Bob Diamond, former chief executive officer of Barclays Bank, UK, has acquired 9.1 percent of shares of Union Bank of Nigeria plc through Atlas Mara, his investment company.
This is following his acquisition of sub-Saharan African bank ABC Holdings Limited (BancABC) and ADC African Development Corporation AG, to the tune of $265 million in the first acquisition by his investment company.
The ADC, which trades in Frankfurt, owns 9.1 percent of Union Bank of Nigeria and 47.1 percent of BancABC which offers financial services in Bostwana, Mozambique, Tanzania, Zambia and Zimbabwe.
Last year, African Capital Alliance (ACA) led a consortium of international investors (Union Global Partners) to recapitalise Union Bank of Nigeria plc (UBN). The consortium invested $500 million for a controlling stake in the bank. ACA invested $75 million as part of the consortium.
Union Bank, the former Barclays Bank in Nigeria, has operated for nearly a century. The bank represents one of the most attractive industry opportunities, given its significant brand equity, robust client base and extensive retail infrastructure (about 400 branches). UBN offers the investor group a real opportunity for significant value-addition to a previously undermanaged asset, ACA said.
“We looked extensively at where the best opportunities would be in Africa and we had our sights on a high-qualified, multi-country bank in one of the regions of Africa,” Diamond told reporters in Gaborone, the capital of Bostwana. “We are not passive investors and we want to truly add value.”

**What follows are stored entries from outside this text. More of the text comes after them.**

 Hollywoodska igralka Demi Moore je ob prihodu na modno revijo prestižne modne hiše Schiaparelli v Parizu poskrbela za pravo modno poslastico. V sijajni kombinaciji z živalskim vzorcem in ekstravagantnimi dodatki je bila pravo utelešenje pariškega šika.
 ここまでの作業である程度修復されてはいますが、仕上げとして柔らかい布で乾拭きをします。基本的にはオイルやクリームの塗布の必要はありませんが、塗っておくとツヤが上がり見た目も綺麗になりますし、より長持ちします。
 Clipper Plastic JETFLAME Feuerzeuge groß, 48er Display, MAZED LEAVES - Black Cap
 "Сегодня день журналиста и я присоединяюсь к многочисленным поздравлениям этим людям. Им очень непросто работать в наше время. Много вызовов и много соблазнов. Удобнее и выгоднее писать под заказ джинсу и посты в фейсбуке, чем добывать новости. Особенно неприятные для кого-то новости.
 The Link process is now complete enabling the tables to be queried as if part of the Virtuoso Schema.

Diamond, who quit as Barclays CEO in July 2012 after the British bank was fined for manipulating benchmark interest rate, and Uganda entrepreneur Ashish Thakkar raised $325 million in an initial public offering for Atlas Mara in December. The investment firm, to which Diamond and Thakkar committed $20 million of their own money, is looking for African financial-services companies that can help businesses manage currency and commodity risks.

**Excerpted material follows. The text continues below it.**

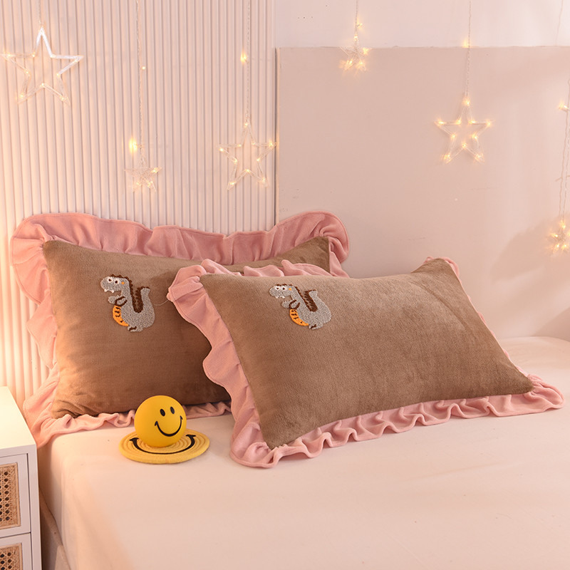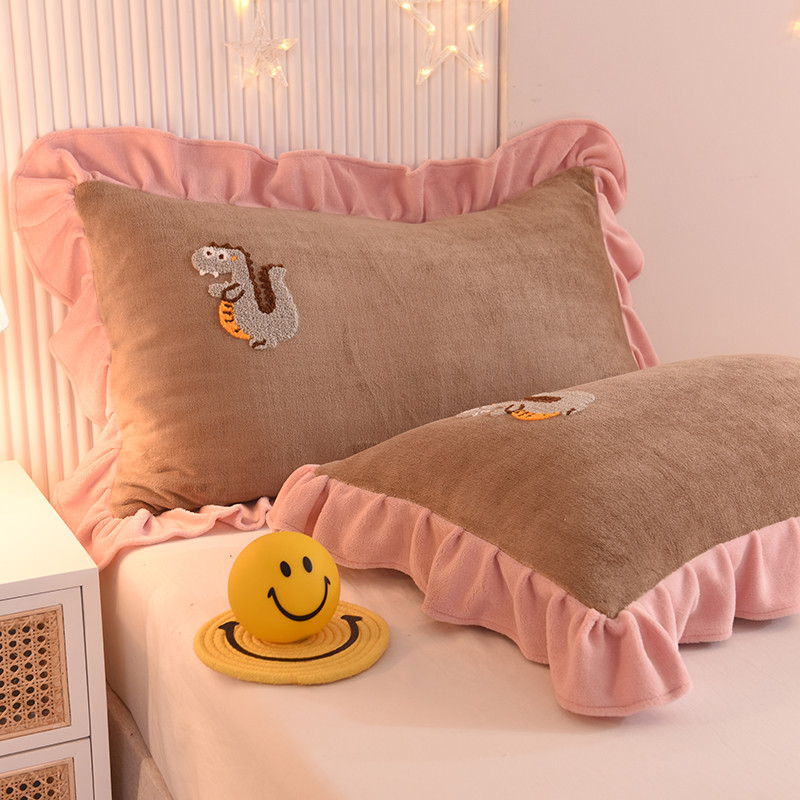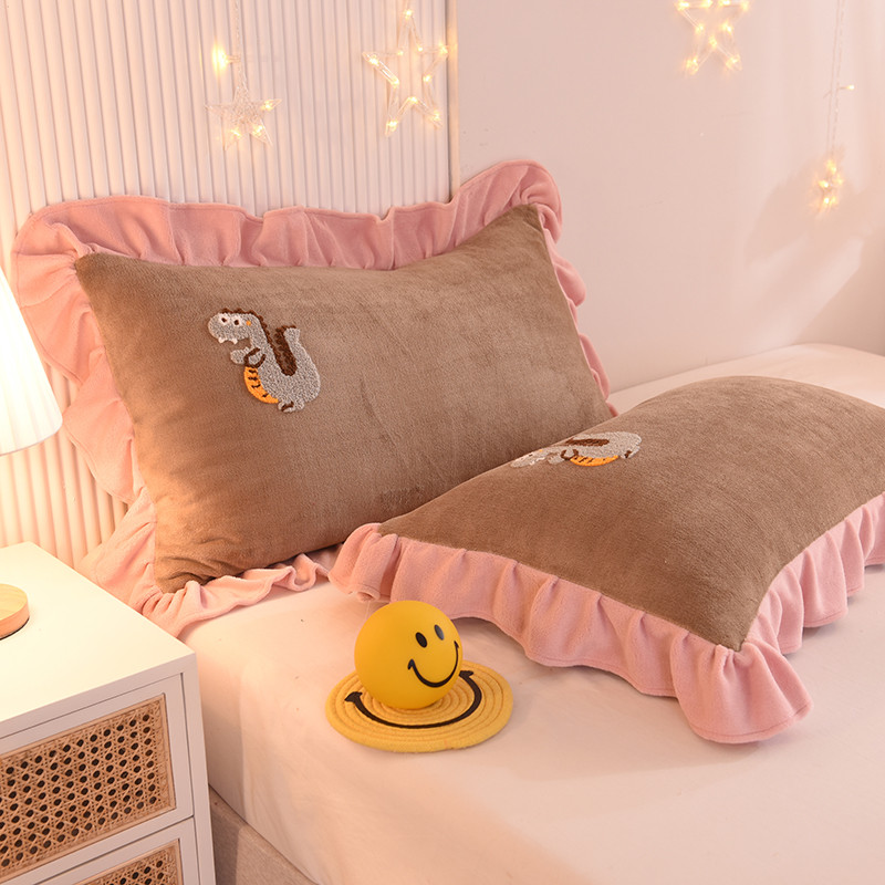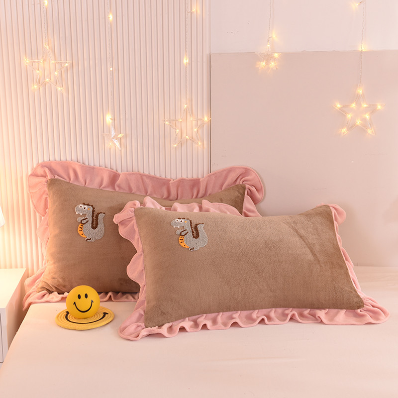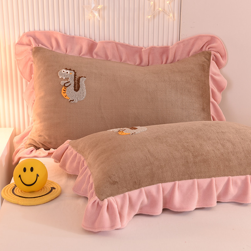 甜之梦 2025新款毛巾绣牛奶绒单枕套 乖乖龙奶茶咖

Atlas Mara said it agreed to pay 82 cents a share for BancABC and offered 1.25 of its own shares for each one of ADC’s. Investors with 34.1 percent of ADC’s stock have agreed to tender their shares, it said, adding that the acquisition would be funded from the proceeds of the IPO.
BencABC started in Bostwana in 1956 and trades both in that country and on Zimbabwe’s stock exchange. Shareholders include Old Mutual plc (OML) and the International Finance Corporation, according to the lender’s website. Profit at BancABC rose 49 percent to 198 million pula ($22.5 million) last year, it said in a March 26 statement.
“Our objective is to build Africa’s premier financial-services group leveraging the access to capital, liquidity and funding that we at Atlas Mara can provide,” Diamond said in a statement. “I am delighted that we will be merging with such high quality organisations as BancABC and ADC.”
Atlas Mara will invest $100 million in BancABC after the transactions are completed, helping to boost the company’s capital-adequacy ratios, Douglas Munatsi, CEO of ABC Holdings, said in an interview in Gaborone.
“The country that gives us the highest returns will receive the most. Access to capital is part of what this transaction brings and I hope that from now the whole scenario of us being cash-hungry will change,” he said.
ADC said in September it planned to boost its southern African holdings to $500 million in the next two or three years.
“Atlas Mara founders and board share ADC’s vision of creating a pan-African banking group,” ADC CEO, Dirk Harbecke, said in a separate statement.
The deal will give Atlas Mara “a highly scalable growth platform across the Southern African Development Community” which has annual gross domestic product figure of over $640 billion, he said.
During his tenure as CEO, Diamond sought to boost Barclays’ profitability by combining its African operations with those of Absa Group Limited, the South African lender in which it acquired a majority stake in 2005. Last year Absa, now called Barclays Africa Group Limited (BGA), bought eight African units from its parent in an R18.3 billion all-share deal.